Tuba City Mission Trip: Day Three (Sweat Lodge)

Work continued in ernest today, I never saw one of our 76 children or adults slacking…they were all working hard for Jesus. The wood hauling crew on which most of the Merkel folks were working cleared branches and loaded wood so fast the Forest service crew working ahead of them had to work overtime to catch up. Texans can certainly work.

The wood they collect will be distributed to the Navajo most in need this winter. This act of good will builds the trust Paul needs to break barriers to spread the good news.

To better appreciate the culture we are serving everyone was given the opportunity to participate in Sweat Lodge http://en.wikipedia.org/wiki/Sweat_lodge Sweat lodge holds important spiritual, ceremonial and purifying purposes to the Navajo. Our experience and this account in no way serves as a legitimate source for authentic sweat lodge information or the meanings and purpose behind them. I am only recounting our experience.

As we drove 20 miles out of Tuba City, 3 miles on a single lane dirt (gravel and sand) road the sun was just thinking about setting. We arrived at the sweat lodge site at an authentic hogan on a working Navajo ranch. As you will find sporadically around the Navajo nation an authentic (and well used) sweat lodge was a short walk format the back door.

The sweat lodge in no way resembles what you are picturing in your mind. Sunken two feet in the ground the approximately 8ft diameter circle is covered with split cedar planks and a thick coat of the local soil. It blended in perfectly with the landscape and except for a blanket covered door you would think it was a small mound of dirt.

Rocks were ready to be heated by a fire just outside the entrance of the lodge immediately in front of the door. To get the rocks properly hot I have read it takes up to three hours…for our purposes we waited an hour as we watched the flames consume the rocks.

We had prepared ourselves for the experience by removing anything metal and drinking plenty of water throughout the day. Most wore shorts and t-shirts with natural fibers to avoid any burns from melted synthetics. Because we were participating in a Christian version of the lodge we had reflected in prayer requests for our experience.

After an hour, 10 glowing rocks were gently placed with pitch fork just inside the door. Once deemed hot enough small groups began entering for sessions lasting 15-20 minutes Following Navajo customs girls went separate from the boys (and first).

I admit right I was apprehensive about the whole experience…not because of the lodge itself but because of the “touchy feely” aspect. I’m just not a sharing kind of guy. But because I love my wife and the curiosity of a new experience I agreed to it.

As the 11 men and I entered the lodge clockwise and sat side-by-side in a very cramped and dirt floor fFive glowing rocks were added to the pile, the blanket door closed, and the room became pitch black. I couldn’t see the proverbial hand in front of my face and it was hot (I thought…it would get much hotter).
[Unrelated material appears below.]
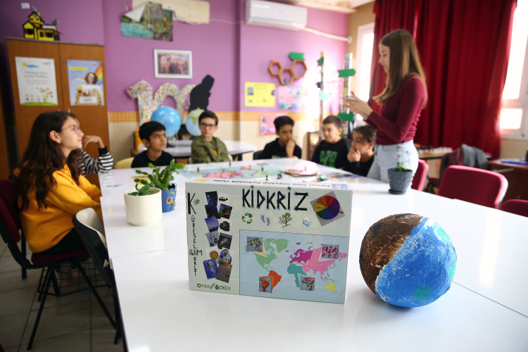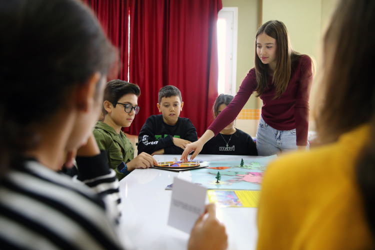 "Oyunda çark çevriliyor ve herkes kendi kıtasını seçerek oynuyor. Küresel iklim değişikliğiyle ilgili sorularımız ve bilgi kartlarımız var. Bu kartlar aynı zamanda puanları da içeriyor. Soruları doğru cevaplayan öğrenciler bilgi kartı çekiyor, hem yeni bilgiler öğreniyor hem de puan toplayarak eğleniyorlar."
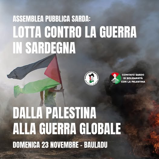 𝗗𝗼𝗺𝗲𝗻𝗶𝗰𝗮 𝟮𝟯 𝗻𝗼𝘃𝗲𝗺𝗯𝗿𝗲 𝗮𝗹𝗹𝗲 𝟭𝟬.𝟬𝟬 𝗮 𝗕𝗮𝘂𝗹𝗮𝗱𝘂, il Comitato sardo di Solidarietà per la Palestina e l’Associazione Amicizia Sardegna-Palestina hanno invitato 𝙞𝙡 𝙢𝙤𝙫𝙞𝙢𝙚𝙣𝙩𝙤 𝙨𝙖𝙧𝙙𝙤 𝙖 𝙧𝙞𝙪𝙣𝙞𝙧𝙨𝙞 𝙞𝙣 𝙖𝙨𝙨𝙚𝙢𝙗𝙡𝙚𝙖 per confrontarsi sulla riorganizzazione della lotta contro la guerra in Sardegna a partire da una mobilitazione per la chiusura della fabbrica Rwm.

Paul, serving as the lodge master, asked each man to give their name and discuss something we would like the rest to pray for. As we discussed our issues the temperature continued to increase. When the final request was made Paul directed us to begin praying aloud and at once not for our own requests but only for the requests of the other men. Water was thrown on the rocks as we began to pray and illegible sound filled the room, almost like a chant.

After several minutes of prayer and steam someone started a hymn and the illegible individual prayers transformed into a unified voice of praise to God. At the end of the session Paul chanted a Navajo exclamation and threw back the door. We exited clockwise into the cool desert air feeling refreshed spiritually and physically.

We only experienced one short session, the Navajo will endure multiple sessions to “suffer and pray” with only short break mixed into the sessions. While I cannot comment on the spiritual aspect of the traditional Navajo culture but I imagine the Navajo Christians surely benefit from the focus meditation and prayer experienced in a sweat lodge.